The methodology draws on established research in information retrieval, position bias, retrieval-augmented generation, and temporal bias in language models.

  • Lewis, P., Perez, E., Piktus, A., Petroni, F., Karpukhin, V., Goyal, N., … Kiela, D. (2020). Retrieval-Augmented Generation for Knowledge-Intensive NLP Tasks. Advances in Neural Information Processing Systems, 33, 9459–9474. arxiv.org/abs/2005.11401 — Foundational paper on RAG systems. Informs the distinction between Perplexity (retrieval-based) and ChatGPT (fixed training data) as opposite ends of the citation spectrum.
  • Joachims, T., Granka, L., Pan, B., Hembrooke, H., & Gay, G. (2005). Accurately Interpreting Clickthrough Data as Implicit Feedback. Proceedings of SIGIR ’05, 154–161. — Seminal evidence for position bias in search results. Justifies the position-weighted scoring model: items presented first receive disproportionately more user attention and influence.
  • Craswell, N., Zoeter, O., Taylor, M., & Ramsey, B. (2008). An Experimental Comparison of Click Position-Bias Models. Proceedings of WSDM ’08, 87–94. — Empirical validation of position bias across different result presentation formats. Supports the 5/3/2/1 weight decay applied in this index.
  • Liu, N. F., Lin, K., Hewitt, J., Paranjape, A., Bevilacqua, M., Petroni, F., & Liang, P. (2023). Lost in the Middle: How Language Models Use Long Contexts. Transactions of the Association for Computational Linguistics, 12, 157–173. arxiv.org/abs/2307.03172 — Documents primacy and recency bias in LLM output generation. Supports elevated weighting for 1st and 2nd position citations in AI-generated lists.
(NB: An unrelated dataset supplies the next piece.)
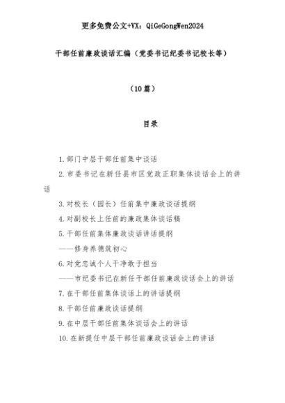 【七哥公文】2025年:(10篇)干部任前廉政谈话汇编(党委书记 纪委书记 校长等)+更多免费公文+VX:QiGeGongWen2024+更多免费公文+VX:QiGeGongWen2024

  • Gao, Y., Xiong, Y., Gao, X., Jia, K., Pan, J., Bi, Y., … Wang, H. (2023). Retrieval-Augmented Generation for Large Language Models: A Survey. arXiv preprint arXiv:2312.10997. arxiv.org/abs/2312.10997 — Comprehensive survey of RAG system architectures. Provides technical context for how Perplexity’s live retrieval produces fundamentally different brand citation behaviour from ChatGPT’s static inference.
  • Metzler, D., Yi, T., Mahmoudi, G., & Najork, M. (2021). Rethinking Search: Making Domain Experts out of Dilettantes. ACM SIGIR Forum, 55(1). arxiv.org/abs/2105.02274 — Early framework for AI-native search and how LLMs change information retrieval. Contextualises why different AI platforms produce structurally different brand citation patterns.
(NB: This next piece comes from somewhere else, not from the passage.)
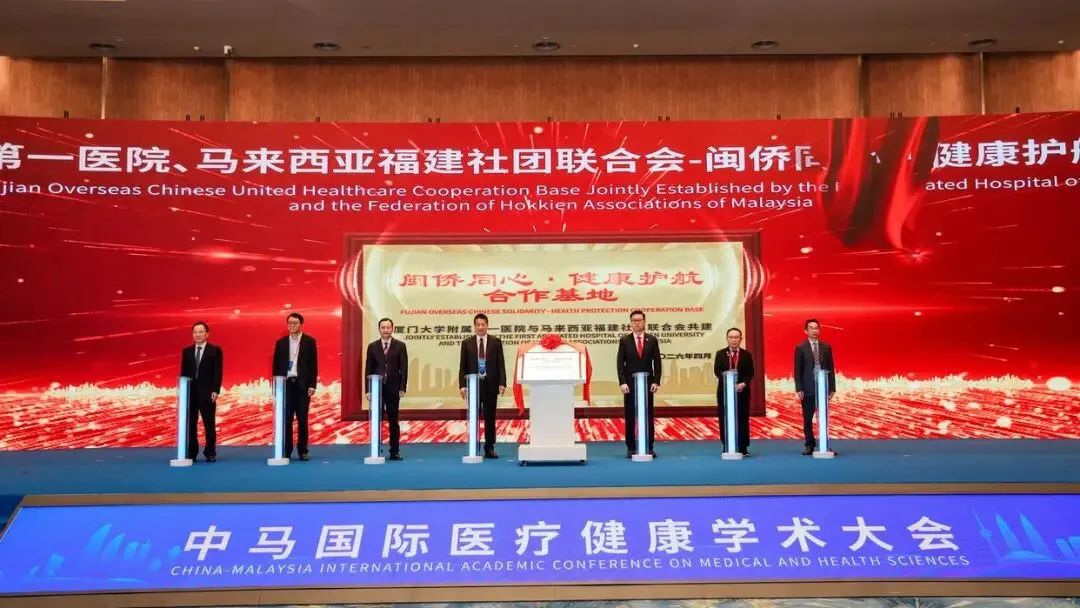 在本次大会上,厦门大学附属第一医院(以下简称:厦大附一)与厦门大学马来西亚分校、马来西亚中医总会签署合作协议。厦大附一与厦门大学马来西亚分校共建的医药教育与临床合作基地、与马来西亚福建社团联合会共建的闽侨同心健康护航合作基地、与马来西亚同善医院共建的中马友好合作医院正式揭牌。

  • Nakano, R., Hilton, J., Balwit, A., Wu, J., Ouyang, L., Kim, C., … Schulman, J. (2021). WebGPT: Browser-assisted Question-Answering with Human Feedback. arXiv preprint arXiv:2112.09332. arxiv.org/abs/2112.09332 — OpenAI’s foundational work on web-grounded LM responses. Background on the technical distinction between training-data citation and retrieval-based citation.
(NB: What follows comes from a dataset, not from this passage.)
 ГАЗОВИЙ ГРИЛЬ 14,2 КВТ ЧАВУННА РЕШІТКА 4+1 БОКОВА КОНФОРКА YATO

  • Lazaridou, A., Gribovskaya, E., Stokowiec, W., & Grigorev, N. (2022). Internet-Augmented Language Models Through Few-Shot Prompting for Open-Domain Question Answering. arXiv preprint arXiv:2203.05115. arxiv.org/abs/2203.05115 — Demonstrates how internet-augmented LLMs produce different factual outputs from fixed-training models. Supports the index’s central premise that Perplexity and ChatGPT produce structurally different brand citation distributions.

12. Methodology changelog

Every change to the query panel, scoring weights, normalisation method, platform selection, or archetype thresholds is documented here with a version number. Scores from different methodology versions are not directly comparable without explicit adjustment notes in the monthly report.

Version history
March 2026
v1.0
Initial publication. GEO Brand Citation Index Run #1. 3 verticals (SEO & Marketing, CRM & Sales, AI & LLM Tools), 6 queries per vertical, 28 brands, 3 platforms (ChatGPT GPT-4o mini, no browsing, Perplexity default, Gemini 2.5 Flash). Position weights: 5/3/2/1 + URL bonus +2. Normalised 0–100 within vertical per platform. Delta = Perplexity − ChatGPT. Five archetypes: Dominant Brand, AI Memory Brand, Live Search Brand, Fading Brand, GEO Outlier.